Ballet in two acts by Boris Eifman
The Mystery of Life and Death | Ballet in two acts by Boris Eifman | Music by Peter I. Tschaikowsky
|Choreography and Staging||Boris Eifman|
|Music||Peter I. Tschaikowsky|
|Sets and Costumes||Viacheslav Okunev|
|Dancing||Solisten und Corps de ballet des Staatsballetts Berlin|
|Tchaikovsky||Vladimir Malakhov (27.01.2013 | 30.01.2013 | 09.02.2013 | 27.04.2013)|
|Michael Banzhaf (24.04.2013 | 26.04.2013)|
|Rainer Krenstetter (03.05.2013 | 11.05.2013 | 20.05.2013)|
|Wieslaw Dudek (27.01.2013 | 30.01.2013 | 09.02.2013 | 24.04.2013 | 26.04.2013)|
|Leonard Jakovina (27.04.2013)|
|Ibrahim Önal (03.05.2013 | 11.05.2013 | 20.05.2013)|
|Beatrice Knop (27.01.2013 | 30.01.2013 | 09.02.2013 | 27.04.2013)|
|Sarah Mestrovic (24.04.2013 | 26.04.2013)|
|Elisa Carrillo Cabrera (03.05.2013 | 11.05.2013 | 20.05.2013)|
|Tchaikovsky's wife||Nadja Saidakova (27.01.2013 | 30.01.2013 | 09.02.2013 | 27.04.2013)|
|Beatrice Knop (24.04.2013 | 26.04.2013)|
|Krasina Pavlova (03.05.2013 | 11.05.2013 | 20.05.2013)|
Boris Eifman is considered one of the most high profile and interesting contemporary Russian choreographers. He is famous for his biographical and lengthy narrative ballets, which he usually presents with his own company, the Eifman Ballet St. Petersburg, on extended guest performance trips. He has long since taken the American theatre public by storm, and Boris Eifman rarely lets one of his choreographies out of his grasp.
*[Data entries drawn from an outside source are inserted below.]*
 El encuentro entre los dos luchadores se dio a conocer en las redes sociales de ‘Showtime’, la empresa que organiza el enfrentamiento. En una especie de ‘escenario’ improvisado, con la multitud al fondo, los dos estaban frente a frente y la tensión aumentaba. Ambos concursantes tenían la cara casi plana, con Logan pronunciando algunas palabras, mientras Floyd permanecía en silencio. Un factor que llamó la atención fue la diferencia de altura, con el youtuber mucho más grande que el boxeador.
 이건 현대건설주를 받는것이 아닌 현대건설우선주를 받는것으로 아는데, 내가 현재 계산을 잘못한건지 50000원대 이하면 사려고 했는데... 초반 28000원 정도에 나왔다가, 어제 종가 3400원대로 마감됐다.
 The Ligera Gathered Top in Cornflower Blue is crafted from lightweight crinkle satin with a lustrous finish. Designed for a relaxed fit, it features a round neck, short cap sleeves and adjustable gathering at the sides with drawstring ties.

His ballets are distinguished by their psychological persona studies, which are embedded in dramatic and emotionally charged scenes. In „Tschaikowsky“, the multi-faceted personality of the great composer provides the focus. Peter I. Tchaikovsky decided to give up his secure, bourgeois position in order to dedicate himself entirely to the creation of the music by which he was so passionately driven. However, a feeling of deeply felt internal unrest and homelessness haunted him for the rest of his life. His emotional strife finds expression in his compositions; reason enough for Boris Eifman to trace the emotional world of the great Russian composer in choreography.
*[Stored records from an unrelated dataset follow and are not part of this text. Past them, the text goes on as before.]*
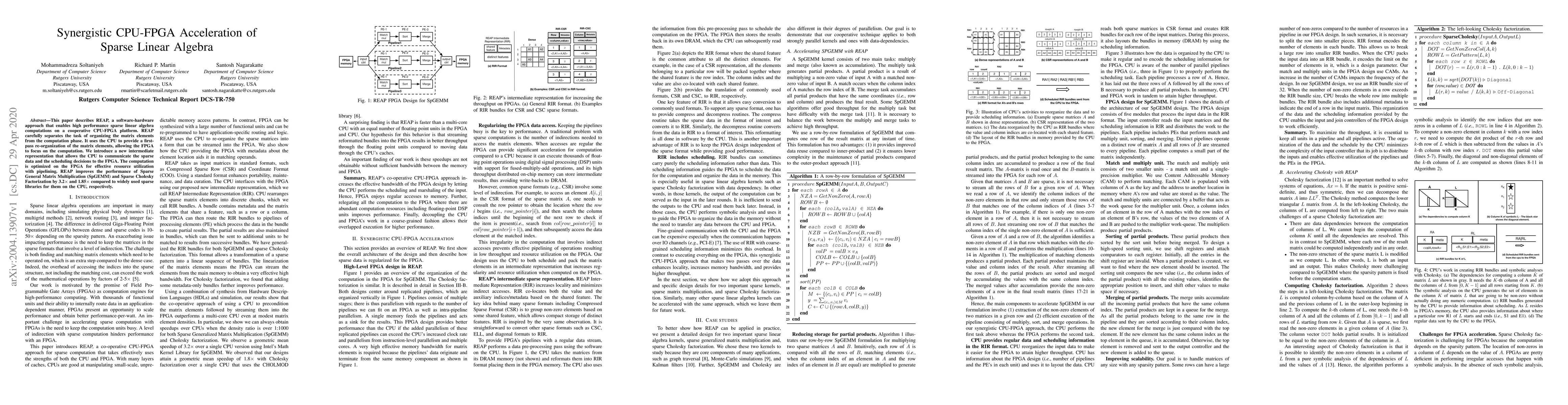 This paper presents REAP, a cooperative CPU-FPGA framework for accelerating sparse linear algebra computations, achieving a 3.2X improvement in SpGEMM and 1.85X in Sparse Cholesky Factorization compared to CPU-only methods. REAP separates matrix reorganization from computation, optimizing FPGA pipelining for enhanced performance.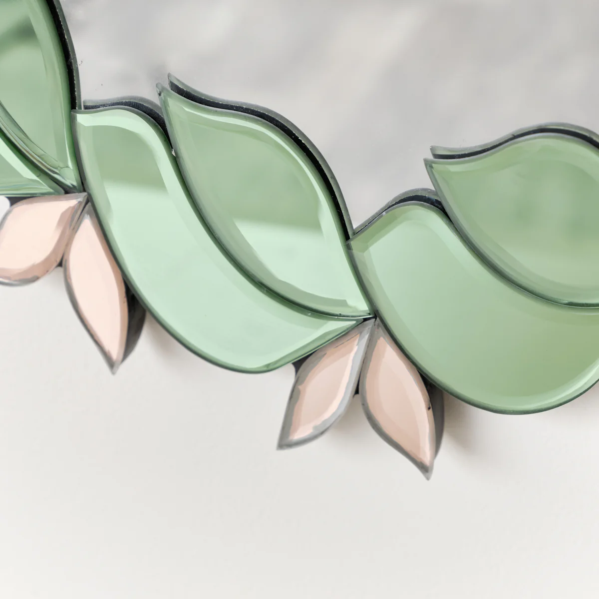 Pink & Green Oval Floral Art Deco Wall Mirror 80cm x 49cm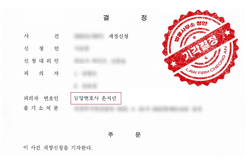 그 결과, 재판부에서는 변호인의 의견을 받아들여 재정신청 기각결정을 내렸습니다.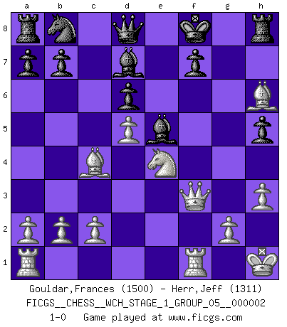 Last move : 1-0 2007 January 25 18:16:58 [Event "FICGS__CHESS__WCH_STAGE_1_GROUP_05__000002"] [Site "FICGS"] [Date "2007.01.16"] [Round "1"] [White "Gouldar,Frances"] [Black "Herr,Jeff"] [Result "1-0"] [WhiteElo "1500"] [BlackElo "1311"] 1.e4 e5 2.f4 exf4 3.Nf3 d6 4.Bc4 g5 5.O-O h5 6.d4 Nh6 7.Nc3 Be6 8.d5 Bg4 9.h3 Bd7 10.e5 Bg7 11.exd6 cxd6 12.Qe2+ Kf8 13.Ne4 g4 14.Bxf4 gxf3 15.Qxf3 Bd4+ 16.Kh1 Be5 17.Bxh6+ 1-0 KGA : Fischer defense Kingside Castling by player White (move 5) Player White won this chess game. Follow this game move after move (download)In blitz, the Knight is stronger than the Bishop. (Vlastimil Hort) Darum geht es im Schach. Einen Tag gibst du deinem Gegner eine Lektion, am nächsten Tag gibt er dir eine. (Robert James Fischer) El Ajedrez es una guerra en un tablero. El objetivo es aplastar la mente del oponente. (Bobby Fischer) Le moment que je préfère le plus dans une rencontre, c'est celui où je sens que la personnalité de l'adversaire se brise. (Robert Fischer) Begin at the beginning and go on till you come to the end; then stop. (Lewis Carrol, Alice in Wonderland)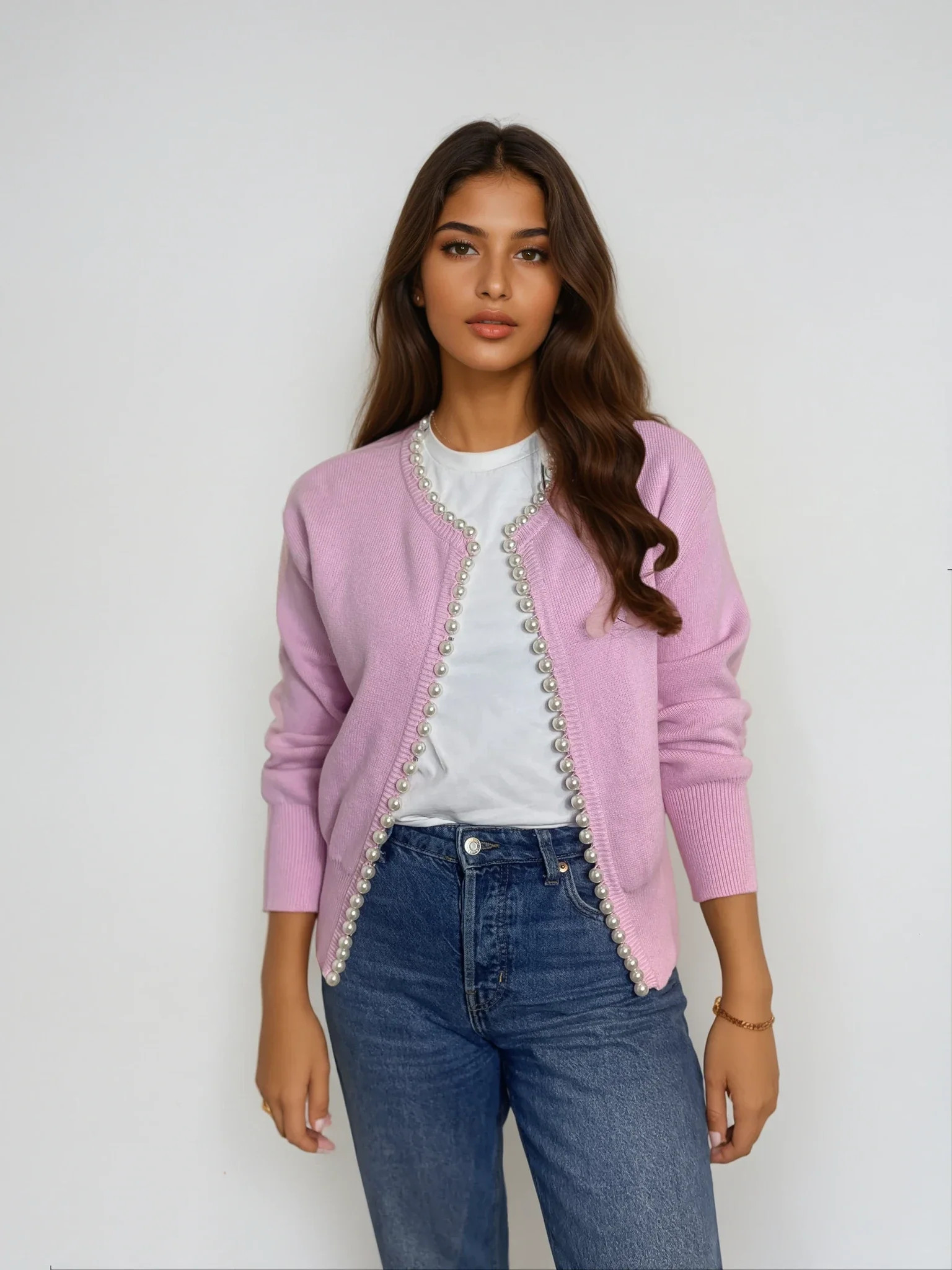 Charlotte pearl trim cardigan in Pink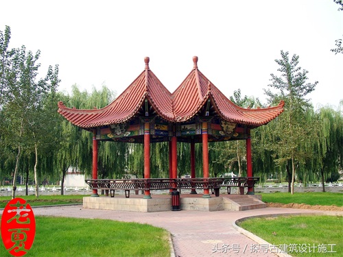 第六,鸳鸯亭子设计图,顾名思义,也是两个亭子紧靠在一起。很有特点,体现了园林建筑中的曲折美。

Boris Eifman is dedicated to a passionate „ballet theatre“, in which the dramatic will to expression forms the basis for the dancing. Eifman thereby remains committed to classical dance, but with his choreographies he pursues the goal of „not only presenting people with a feast for the eyes, but much more than this, addressing their impressions and feelings in order to initiate a shared and living ritual.“
45 minutes before each performance (except premieres), there is an introduction in the opera house (in German).
It is prepared and moderated by students of the institute of dance studies (Institut für Tanzwissenschaft) of Freie Universität Berlin.